Several incorrect analogies from scalar arithmetic cause persistent mistakes when working with matrix inverses.

The inverse does not distribute over addition. The expression

(A + B)^{-1}

is not equal to

A^{-1} + B^{-1}

, and there is no simple formula relating the two. If

A = B = I

, then

(A + B)^{-1} = (2I)^{-1} = \frac{1}{2}I

, while

A^{-1} + B^{-1} = I + I = 2I

— these are clearly different.

The inverse of a product reverses order. Writing

(AB)^{-1} = A^{-1}B^{-1}

is wrong; the correct identity is

(AB)^{-1} = B^{-1}A^{-1}

. The reversal is a consequence of non-commutativity: to undo the operation "first apply

B

, then apply

A

," you must first undo

A

, then undo

B

.

Not every matrix is invertible. Assuming an inverse exists without checking the determinant or rank leads to division-by-zero errors in the

2 \times 2

formula and to contradictions in row reduction.

The inverse is not the entry-by-entry reciprocal. The matrix

A^{-1}

is not obtained by replacing each

a_{ij}

with

1/a_{ij}

. The inverse is a global operation that depends on all entries simultaneously.

When Not to Compute the Inverse

The formula

\mathbf{x} = A^{-1}\mathbf{b}

is clean on paper but misleading as a computational strategy. In almost every practical setting, solving

Ax = \mathbf{b}

by row reduction or LU decomposition is faster and more numerically stable than computing

A^{-1}

first and then multiplying.

Row reduction requires roughly

\frac{2}{3}n^3

operations to factor a system. Computing the full inverse requires roughly

2n^3

operations — three times the cost — and introduces additional rounding error in floating-point arithmetic. When multiple systems with the same

A

need to be solved, the LU factorization should be computed once and reused, not replaced by an explicit inverse.

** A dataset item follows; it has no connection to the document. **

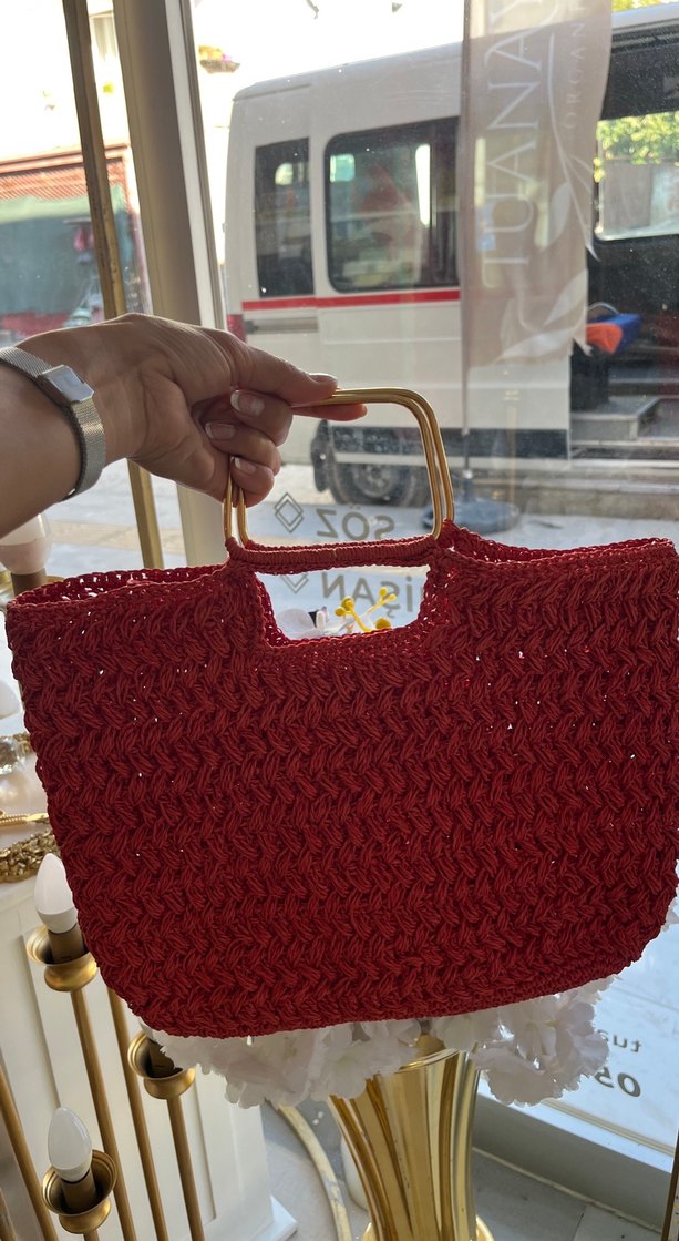 Parlak kırmızı örgü kadın çanta, nakışlı detaylar ve metal saplı, bohem tarz için uygun.

The inverse is the right object when

A^{-1}

itself — the entire matrix, not just its action on a specific

\mathbf{b}

— is what matters. This happens in theoretical derivations, in symbolic formulas where the dependence on parameters must be made explicit, in sensitivity analysis, and when working with small matrices by hand. For a

2 \times 2

3 \times 3

matrix, computing the inverse directly is perfectly reasonable. For an

n \times n

matrix with

n

in the hundreds or thousands, it is almost never the right approach.